THE PROBLEM: Identify, in the records below, every line where the string "information" appears, and copy each such line.

───── DATASET ENTRIES

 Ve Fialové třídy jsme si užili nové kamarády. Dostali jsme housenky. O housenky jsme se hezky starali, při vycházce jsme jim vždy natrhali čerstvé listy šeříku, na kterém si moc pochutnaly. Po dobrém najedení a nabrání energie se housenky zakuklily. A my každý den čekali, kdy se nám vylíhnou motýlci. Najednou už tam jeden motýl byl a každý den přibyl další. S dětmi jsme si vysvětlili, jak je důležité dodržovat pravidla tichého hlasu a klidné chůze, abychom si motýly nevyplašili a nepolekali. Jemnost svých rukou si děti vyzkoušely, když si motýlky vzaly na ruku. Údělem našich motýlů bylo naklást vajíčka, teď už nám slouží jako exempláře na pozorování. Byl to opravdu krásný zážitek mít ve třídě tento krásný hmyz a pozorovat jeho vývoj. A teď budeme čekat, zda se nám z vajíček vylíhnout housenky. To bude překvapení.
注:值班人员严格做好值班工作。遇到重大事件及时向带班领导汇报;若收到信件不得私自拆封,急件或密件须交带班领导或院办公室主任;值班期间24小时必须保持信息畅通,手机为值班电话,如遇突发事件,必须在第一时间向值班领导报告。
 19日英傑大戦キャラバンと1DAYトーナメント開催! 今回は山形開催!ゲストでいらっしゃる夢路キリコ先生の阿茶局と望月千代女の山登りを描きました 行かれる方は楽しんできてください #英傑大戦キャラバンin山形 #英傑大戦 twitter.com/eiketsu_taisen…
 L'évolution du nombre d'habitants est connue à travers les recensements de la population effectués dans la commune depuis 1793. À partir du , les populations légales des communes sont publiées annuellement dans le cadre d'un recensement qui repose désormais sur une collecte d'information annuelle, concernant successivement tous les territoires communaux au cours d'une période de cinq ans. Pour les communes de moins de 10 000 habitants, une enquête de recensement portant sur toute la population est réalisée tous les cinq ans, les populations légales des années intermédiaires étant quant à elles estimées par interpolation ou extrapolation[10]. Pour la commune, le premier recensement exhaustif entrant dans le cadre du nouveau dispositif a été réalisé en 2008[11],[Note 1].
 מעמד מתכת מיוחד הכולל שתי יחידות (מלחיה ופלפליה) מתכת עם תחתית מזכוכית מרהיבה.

──────────
───── DATASET ENTRIES

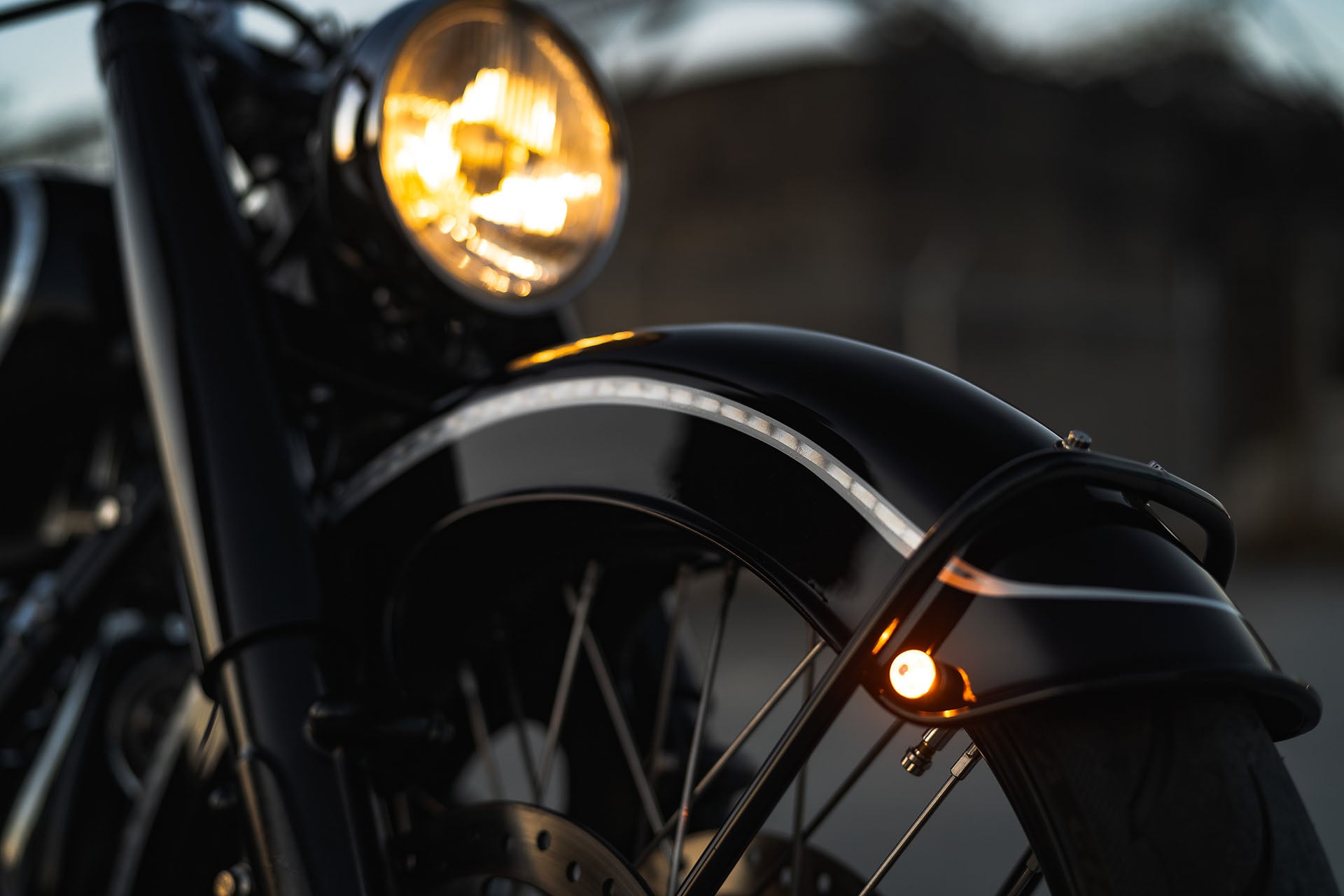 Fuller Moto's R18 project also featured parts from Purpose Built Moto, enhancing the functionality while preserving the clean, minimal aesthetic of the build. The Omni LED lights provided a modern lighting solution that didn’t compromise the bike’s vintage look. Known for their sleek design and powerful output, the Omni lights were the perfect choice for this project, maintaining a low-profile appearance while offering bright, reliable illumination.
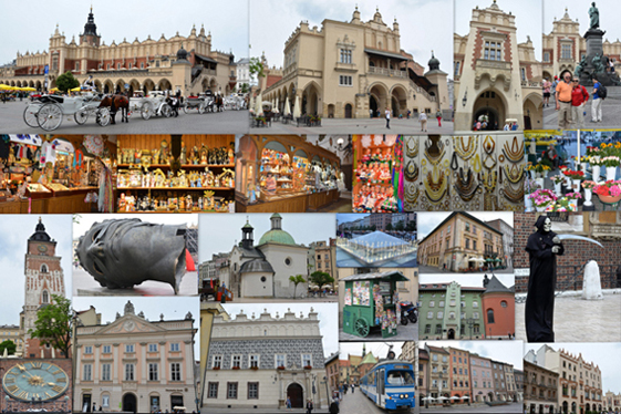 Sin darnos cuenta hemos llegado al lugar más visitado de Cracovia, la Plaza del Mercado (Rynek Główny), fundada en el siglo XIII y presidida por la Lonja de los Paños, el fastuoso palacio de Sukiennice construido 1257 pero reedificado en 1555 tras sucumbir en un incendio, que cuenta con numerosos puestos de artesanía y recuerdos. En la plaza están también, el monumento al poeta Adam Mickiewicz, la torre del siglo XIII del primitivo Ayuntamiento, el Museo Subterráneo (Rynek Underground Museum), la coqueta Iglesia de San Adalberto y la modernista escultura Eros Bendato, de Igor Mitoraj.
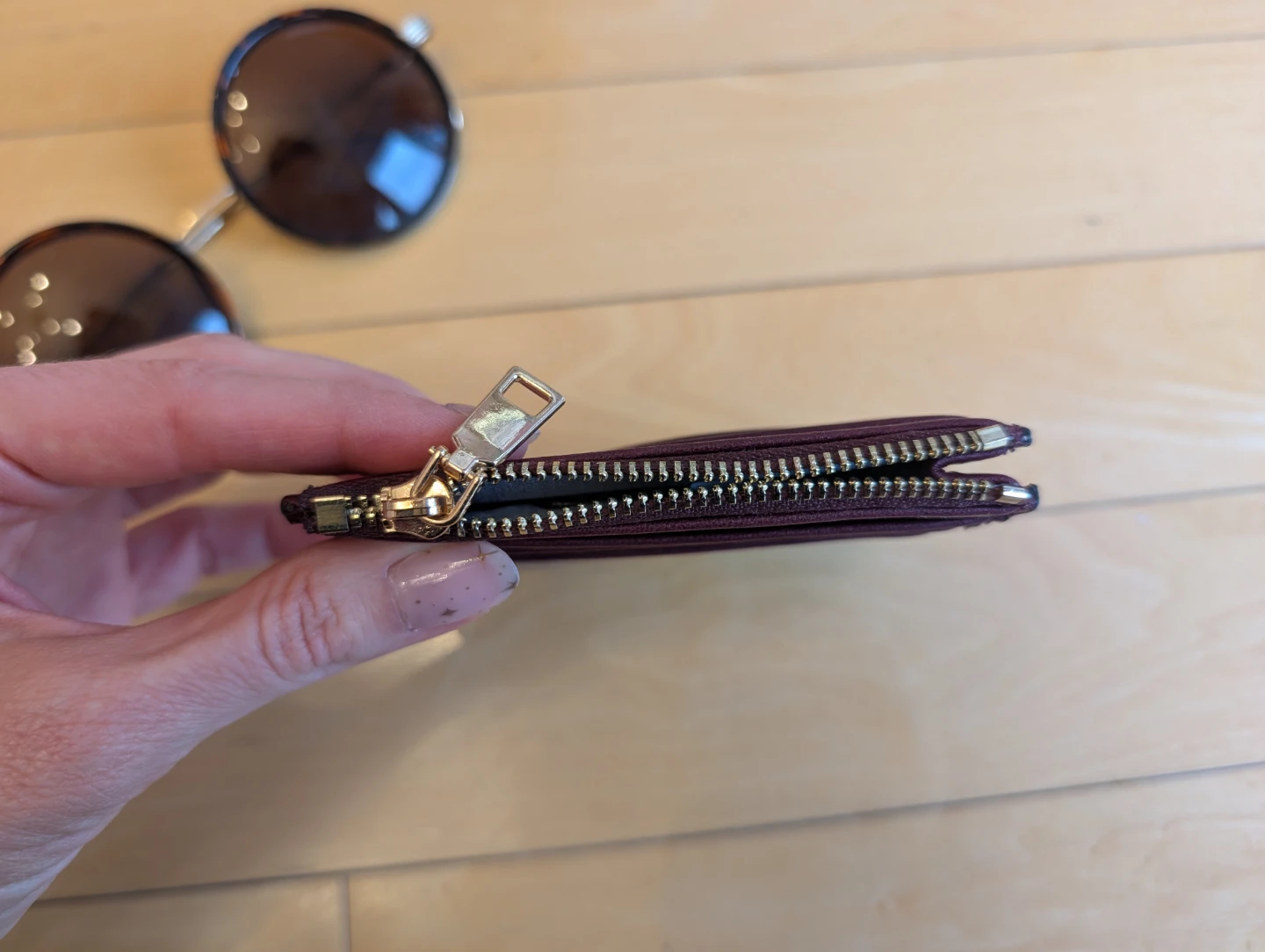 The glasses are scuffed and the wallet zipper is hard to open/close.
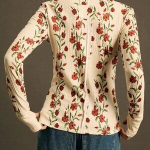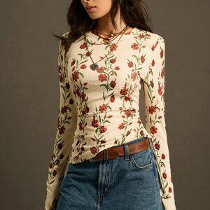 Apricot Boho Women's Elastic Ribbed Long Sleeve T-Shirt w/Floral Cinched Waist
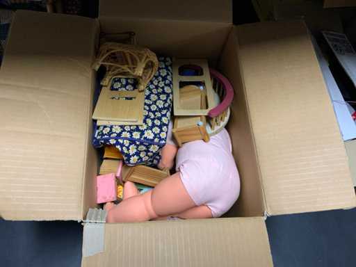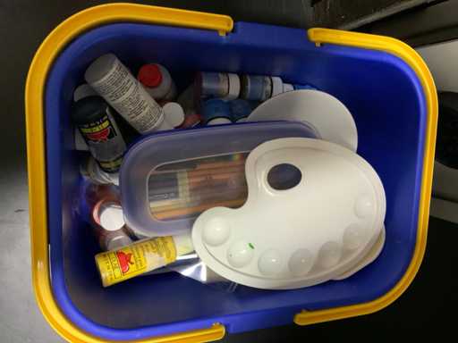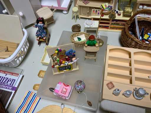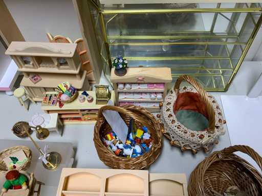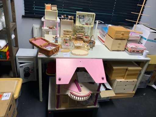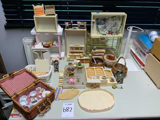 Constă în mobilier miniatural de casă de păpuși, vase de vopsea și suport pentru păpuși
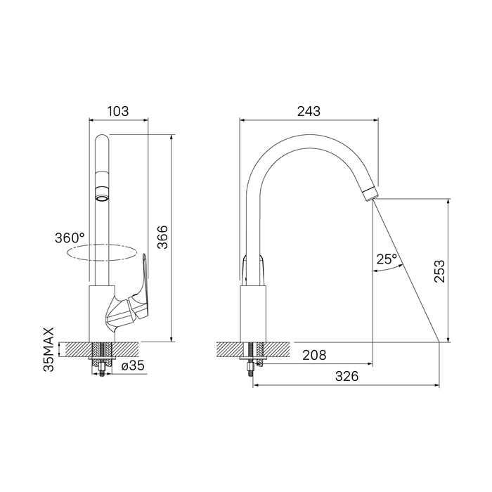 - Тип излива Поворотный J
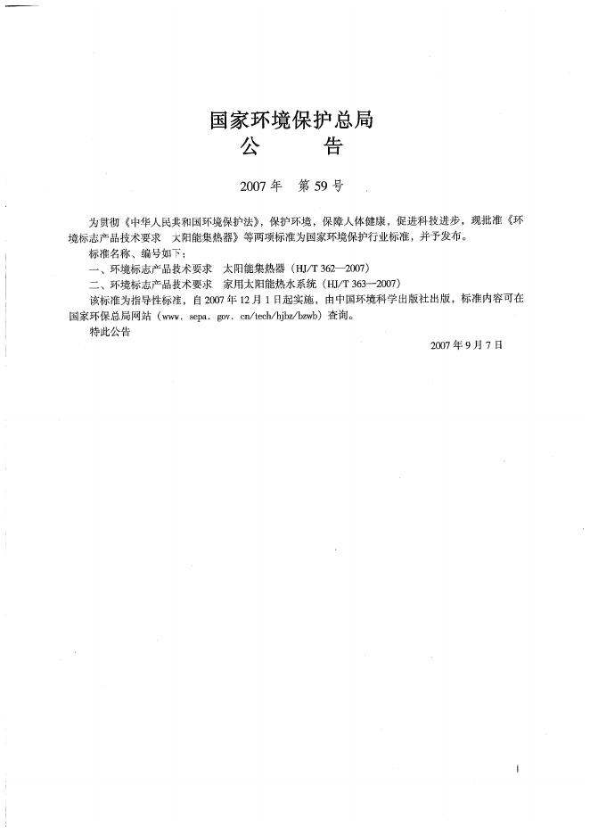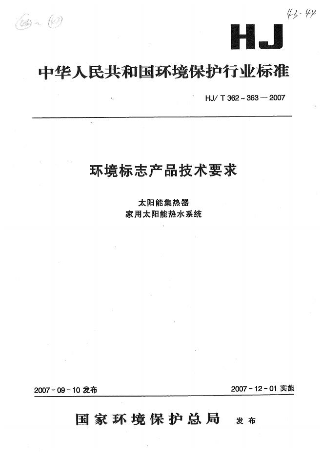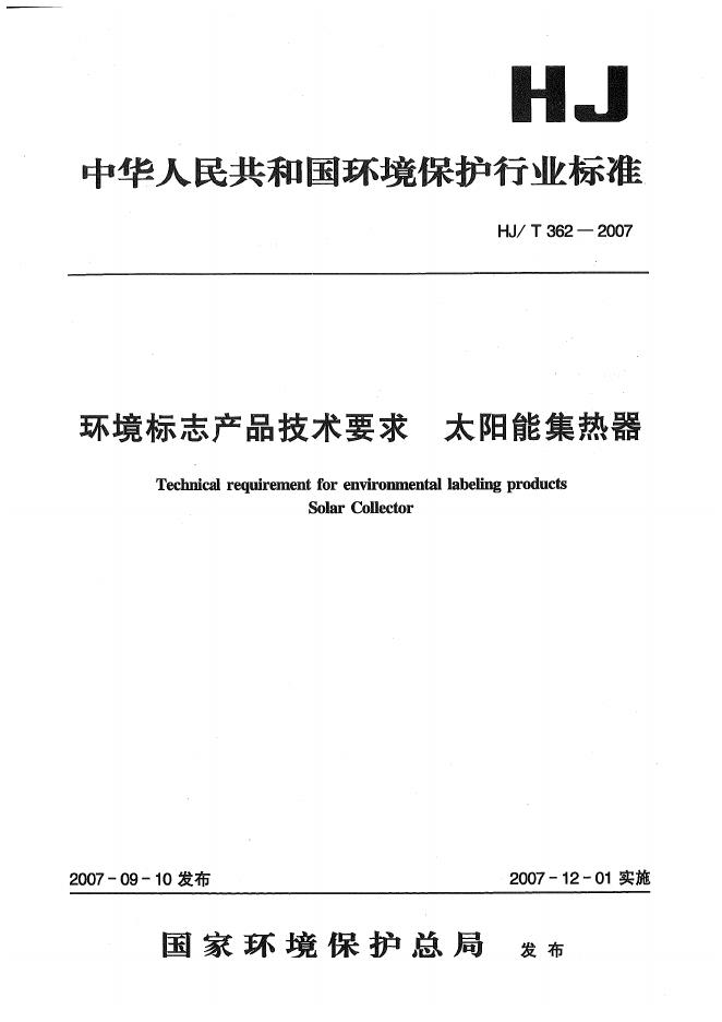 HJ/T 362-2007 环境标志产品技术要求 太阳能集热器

──────────
───── DATASET ENTRIES

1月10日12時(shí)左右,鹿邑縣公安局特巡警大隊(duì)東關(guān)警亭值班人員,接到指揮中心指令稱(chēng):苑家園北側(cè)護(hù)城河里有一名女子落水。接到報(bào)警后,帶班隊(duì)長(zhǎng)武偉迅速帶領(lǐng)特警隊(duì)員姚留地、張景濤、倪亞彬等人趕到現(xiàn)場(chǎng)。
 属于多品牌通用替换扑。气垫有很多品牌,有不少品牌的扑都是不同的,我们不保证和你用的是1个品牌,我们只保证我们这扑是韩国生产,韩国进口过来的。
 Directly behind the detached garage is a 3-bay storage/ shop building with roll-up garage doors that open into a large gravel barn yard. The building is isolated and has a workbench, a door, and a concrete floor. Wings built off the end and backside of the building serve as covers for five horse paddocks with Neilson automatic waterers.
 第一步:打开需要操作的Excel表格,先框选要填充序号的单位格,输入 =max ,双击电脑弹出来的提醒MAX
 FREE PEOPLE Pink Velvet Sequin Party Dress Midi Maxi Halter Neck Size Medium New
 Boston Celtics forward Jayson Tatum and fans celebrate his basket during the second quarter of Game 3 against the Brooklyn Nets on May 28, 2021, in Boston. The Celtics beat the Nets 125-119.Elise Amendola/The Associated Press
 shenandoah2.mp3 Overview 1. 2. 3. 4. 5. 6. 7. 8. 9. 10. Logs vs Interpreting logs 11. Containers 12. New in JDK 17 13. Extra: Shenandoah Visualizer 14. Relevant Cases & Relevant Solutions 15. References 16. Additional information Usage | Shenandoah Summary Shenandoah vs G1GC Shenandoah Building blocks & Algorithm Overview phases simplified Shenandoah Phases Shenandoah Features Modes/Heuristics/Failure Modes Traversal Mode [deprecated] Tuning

──────────

TASK ANSWER:
 L'évolution du nombre d'habitants est connue à travers les recensements de la population effectués dans la commune depuis 1793. À partir du , les populations légales des communes sont publiées annuellement dans le cadre d'un recensement qui repose désormais sur une collecte d'information annuelle, concernant successivement tous les territoires communaux au cours d'une période de cinq ans. Pour les communes de moins de 10 000 habitants, une enquête de recensement portant sur toute la population est réalisée tous les cinq ans, les populations légales des années intermédiaires étant quant à elles estimées par interpolation ou extrapolation[10]. Pour la commune, le premier recensement exhaustif entrant dans le cadre du nouveau dispositif a été réalisé en 2008[11],[Note 1].
 shenandoah2.mp3 Overview 1. 2. 3. 4. 5. 6. 7. 8. 9. 10. Logs vs Interpreting logs 11. Containers 12. New in JDK 17 13. Extra: Shenandoah Visualizer 14. Relevant Cases & Relevant Solutions 15. References 16. Additional information Usage | Shenandoah Summary Shenandoah vs G1GC Shenandoah Building blocks & Algorithm Overview phases simplified Shenandoah Phases Shenandoah Features Modes/Heuristics/Failure Modes Traversal Mode [deprecated] Tuning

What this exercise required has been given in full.